▶ _About this exercise_:
Return the data verbatim, without pictures.

▶ _Stored records_:
- - - - -
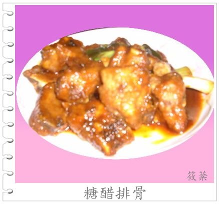 材料:排骨少許、蔥一根、蒜頭三粒、沙拉油少許、米酒、蕃茄醬、糖、醬油、蕃薯粉、烏醋、塩、水。
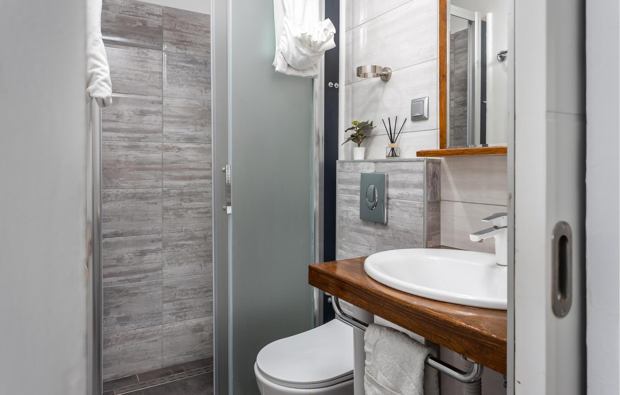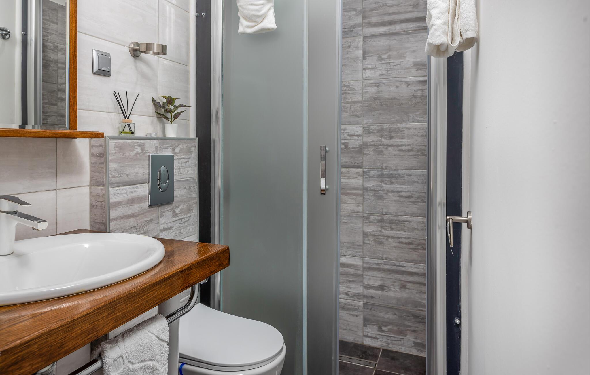 - WC mit warmem und kaltem Wasser, Dusche
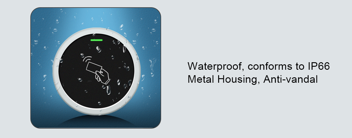 Корпус контроллера выполнен из алюминия, считыватель антивандальный с подсветкой состояния контроллера ( открыт/закрыт ). Контроллер предназначен для работы внутри помещений и на улице со степенью защиты IP66, но мы рекомендуем размещать оборудование так, что бы уменьшить попадание влаги и активного солнца на корпус считывателя.
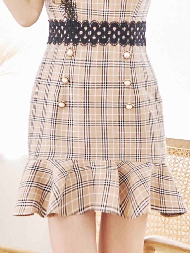 チェック柄×フリルデザインがCUTEなマーメイドミニドレス。
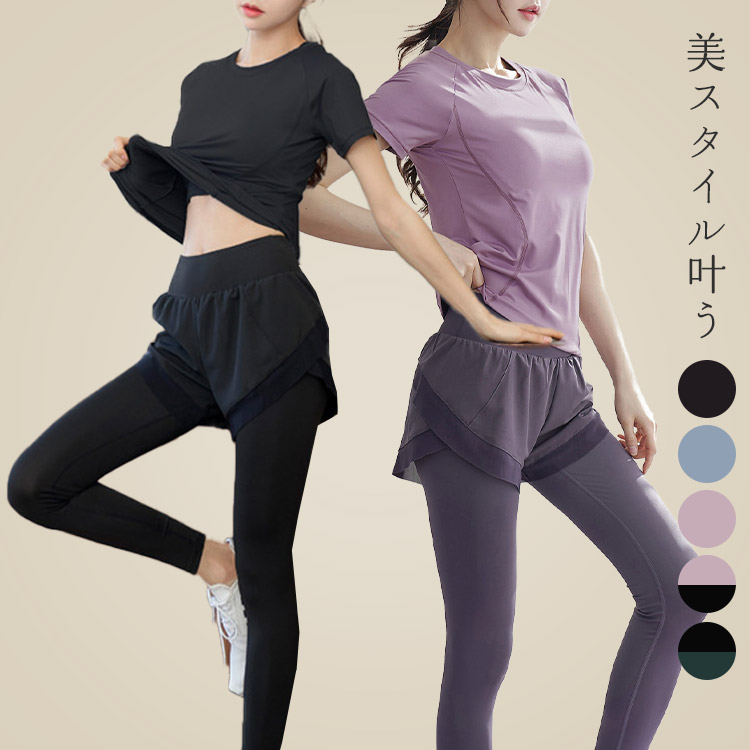 メール便送料無料 ヨガ ウェア レディース 半袖 トップス Tシャツ パンツ 2点セット ショートパンツ一体型 レギンス 上下 セットアップ スポーツウェア フィットネスウェア トレーニングウェア ピラティス 吸汗 速乾 バック メッシュ ラウンドヘム ハイウエスト 体型隠し 伸縮性 薄手 無地 黒<br><br>■セット内容<br>・2点セット<br&g...
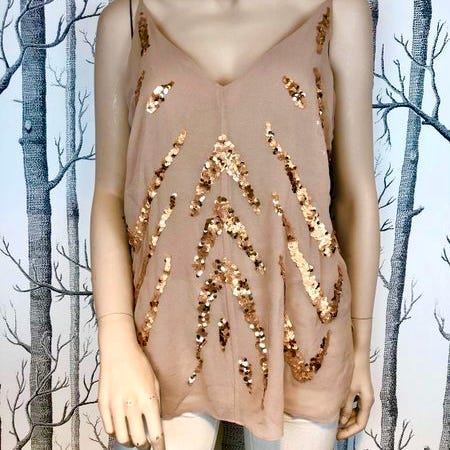 By Malene Birger Top i størrelse M, farven guld/bronze.. Toppen har en glitrende effekt og er designet til kvinder. Med en skulderstrop. Str 38
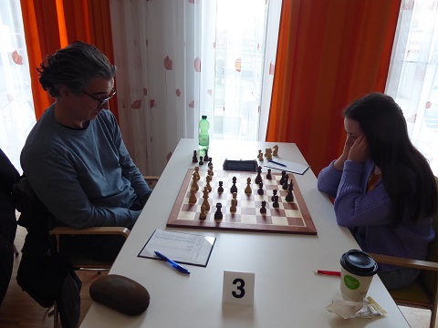- Brett 3: Viktor (Weiß) saß einer erfolgreichen taktischen Großrechnerin gegenüber.
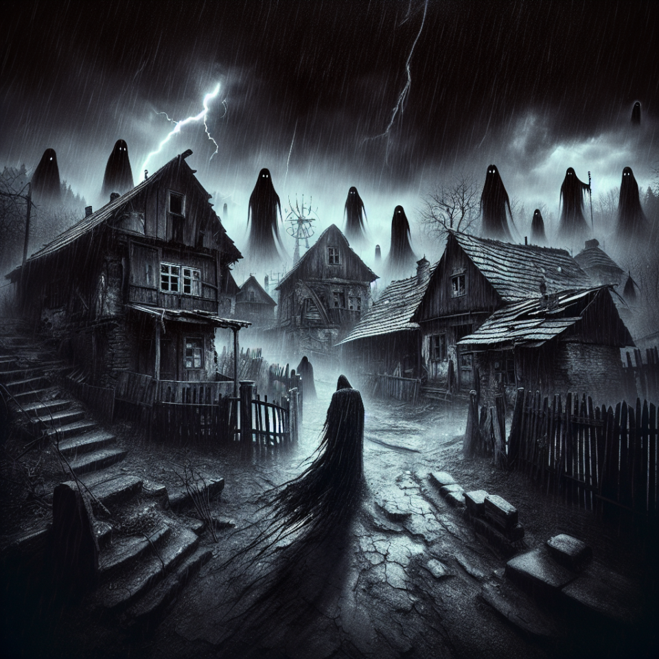 La notte era oscura e silenziosa nel vecchio villaggio abbandonato. Le case diroccate sembravano immobili, come se il tempo avesse deciso di congelarsi in quel luogo desolato. Improvvisamente, in lontananza, si udì il suono delle prime gocce di pioggia che iniziavano a cadere.
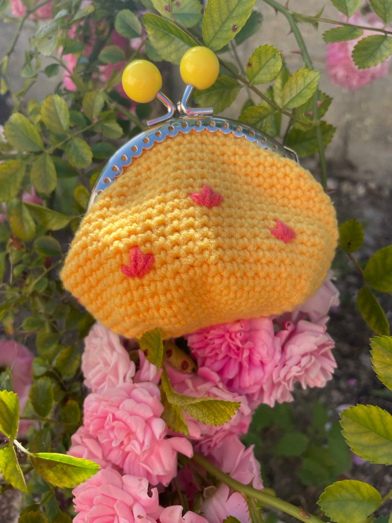 Otro monedero para el verano! Esta vez, amarillo con detalles en salmón!
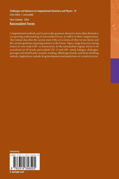 Computational methods, and in particular quantum chemistry, have taken the lead in our growing understanding of noncovalent forces, as well as in their categorization. This volume describes the current state of the art in terms of what we now know, and the current questions requiring answers in the future. Topics range from very strong (ionic) to very weak (CH--pi) interactions. In the intermediate regime, forces to be considered are H-bonds, particularly CH--O and OH--metal, halogen, chalcogen, pnicogen and tetrel bonds, aromatic stacking, dihydrogen bonds, and those involving radicals. Applications include drug development and predictions of crystal structure.
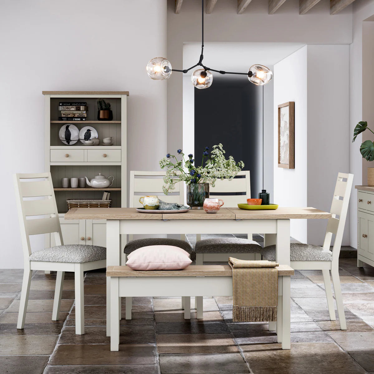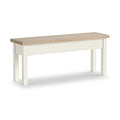 The Modern Country Painted Storage Bench combines seating with hidden storage space. The hinged whitewashed oak top lifts to reveal a generous compartment perfect for shoes, bags, or household items.
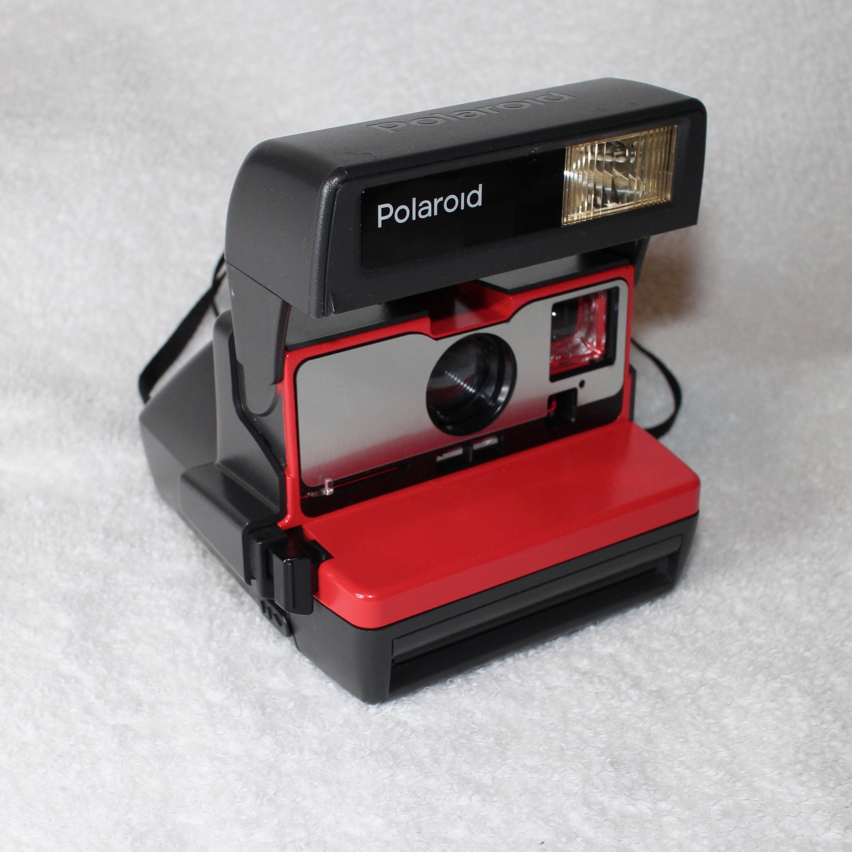 After cleaning, I tested the camera with new Impossible Project 600 film to make sure everything is working as expected. There is new film available from The Impossible Project in black-and-white or color prints. The rubber of the view finder eye sight and the neck strap are both in nice condition too. A fun camera that is ready to use, or show on your display shelf.
- - - - -
▶ _Your solution_:
 材料:排骨少許、蔥一根、蒜頭三粒、沙拉油少許、米酒、蕃茄醬、糖、醬油、蕃薯粉、烏醋、塩、水。
 - WC mit warmem und kaltem Wasser, Dusche
 Корпус контроллера выполнен из алюминия, считыватель антивандальный с подсветкой состояния контроллера ( открыт/закрыт ). Контроллер предназначен для работы внутри помещений и на улице со степенью защиты IP66, но мы рекомендуем размещать оборудование так, что бы уменьшить попадание влаги и активного солнца на корпус считывателя.
 チェック柄×フリルデザインがCUTEなマーメイドミニドレス。
 メール便送料無料 ヨガ ウェア レディース 半袖 トップス Tシャツ パンツ 2点セット ショートパンツ一体型 レギンス 上下 セットアップ スポーツウェア フィットネスウェア トレーニングウェア ピラティス 吸汗 速乾 バック メッシュ ラウンドヘム ハイウエスト 体型隠し 伸縮性 薄手 無地 黒<br><br>■セット内容<br>・2点セット<br&g...
 By Malene Birger Top i størrelse M, farven guld/bronze.. Toppen har en glitrende effekt og er designet til kvinder. Med en skulderstrop. Str 38
- Brett 3: Viktor (Weiß) saß einer erfolgreichen taktischen Großrechnerin gegenüber.
 La notte era oscura e silenziosa nel vecchio villaggio abbandonato. Le case diroccate sembravano immobili, come se il tempo avesse deciso di congelarsi in quel luogo desolato. Improvvisamente, in lontananza, si udì il suono delle prime gocce di pioggia che iniziavano a cadere.
 Otro monedero para el verano! Esta vez, amarillo con detalles en salmón!
 Computational methods, and in particular quantum chemistry, have taken the lead in our growing understanding of noncovalent forces, as well as in their categorization. This volume describes the current state of the art in terms of what we now know, and the current questions requiring answers in the future. Topics range from very strong (ionic) to very weak (CH--pi) interactions. In the intermediate regime, forces to be considered are H-bonds, particularly CH--O and OH--metal, halogen, chalcogen, pnicogen and tetrel bonds, aromatic stacking, dihydrogen bonds, and those involving radicals. Applications include drug development and predictions of crystal structure.
 The Modern Country Painted Storage Bench combines seating with hidden storage space. The hinged whitewashed oak top lifts to reveal a generous compartment perfect for shoes, bags, or household items.
 After cleaning, I tested the camera with new Impossible Project 600 film to make sure everything is working as expected. There is new film available from The Impossible Project in black-and-white or color prints. The rubber of the view finder eye sight and the neck strap are both in nice condition too. A fun camera that is ready to use, or show on your display shelf.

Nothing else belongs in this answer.